Caretaking From a Distance

If you think that not being able to go out is the worst part of social isolation during the Covid-19 crisis, there’s a lot you’re missing. Yes, a lot of people are struggling financially, but there’s another group that on top of all the very difficult situation are having to deal with a more painful reality, they can’t be with their loved ones in their moment of need.

Due to the high level of contagious from this virus, if you have a family member in the hospital, or any other type of medical institution, regardless of the diagnose, you’re banned from visiting your loved one. This has been a reasonable decision, but not any less difficult for the loved ones of that patient and the patient themselves.

Our current reality is that some people have died alone. Others are deteriorating just by the fact that their isolation is causing depressing feelings.

I can relate to this. My mother has been bounced between rehab and the hospital since mid-February. Originally, she had a stroke. She spent days in the hospital and moved to rehab. Few days while in rehab, she had a fever and went back to the hospital to discover she had an UTI (urinary tract infection). She went back to rehab, where she developed fever again but now with some respiratory issues. At this point, visits to rehab had been cancelled and I talking on the phone was my only way of communication.
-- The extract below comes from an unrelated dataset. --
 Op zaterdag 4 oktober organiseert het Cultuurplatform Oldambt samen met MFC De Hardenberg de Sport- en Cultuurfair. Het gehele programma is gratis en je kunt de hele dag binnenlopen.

She went back to the hospital; she was tested for Covid-19 but the results took forever. She had a positive test, but she’s medically much better. The issue I’m facing now is what are the next steps? She’s not well enough to come home, not because of the virus, but because of the stroke. No rehab will accept her until she has a negative result on the test. We’re currently in limbo.
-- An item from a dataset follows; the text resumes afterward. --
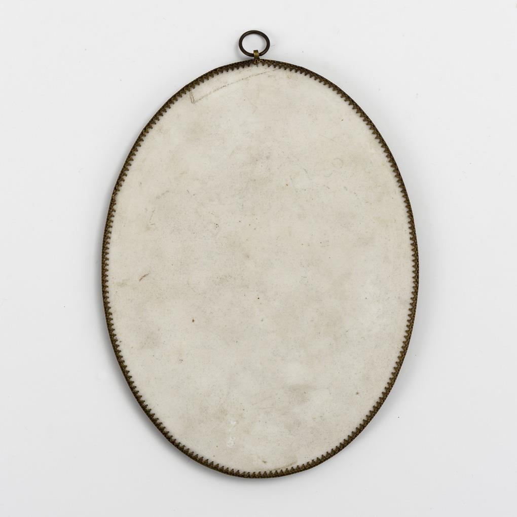 Oval plate depicting an angel on clouds, after one of the famous angels from the painting of the Sistine Madonna by Raphael (1483-1520).

As someone with an elderly mother, I totally know how to advocate on her behalf, but this is the first time I’ve had to do it at a distance. I can relate to the feeling of powerlessness, and the fact that you truly have to trust God and the medical professionals to do their part because there. is . nothing. you. can.do.

But yes, there is, and I want to share with you some things that have kept my sanity and some illusion of control over the situation.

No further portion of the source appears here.